Description of the task: Please produce a character-exact copy of the listing that follows, omitting all images.

Dataset excerpt:
Content starts
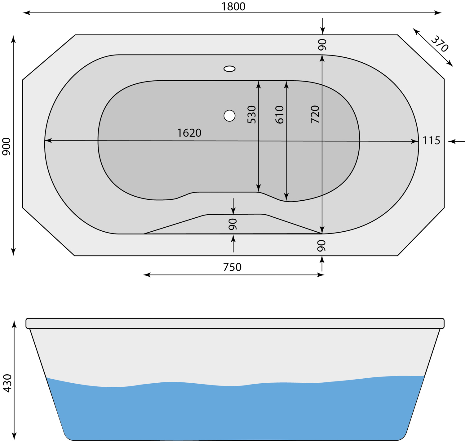 1800 x 900 x 430 mm
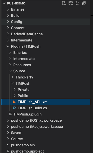 APL 相关配置 TIMPush 已配置好,只需要替换成应用自己的配置信息即可。TIMPush_APL.xml 路径在: /Plugins/TIMPush/Source/TIMPush/
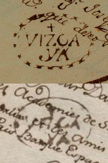 En Badator tenemos una carta de 1771 y aquí tenemos una carta de Vergara a Paris fechada el 18 de enero de 1772, lo que amplía el uso en dos años y prácticamente cierra hueco con el siguiente cuño.
Content ends
Answer space:
 1800 x 900 x 430 mm
 APL 相关配置 TIMPush 已配置好,只需要替换成应用自己的配置信息即可。TIMPush_APL.xml 路径在: /Plugins/TIMPush/Source/TIMPush/
 En Badator tenemos una carta de 1771 y aquí tenemos una carta de Vergara a Paris fechada el 18 de enero de 1772, lo que amplía el uso en dos años y prácticamente cierra hueco con el siguiente cuño.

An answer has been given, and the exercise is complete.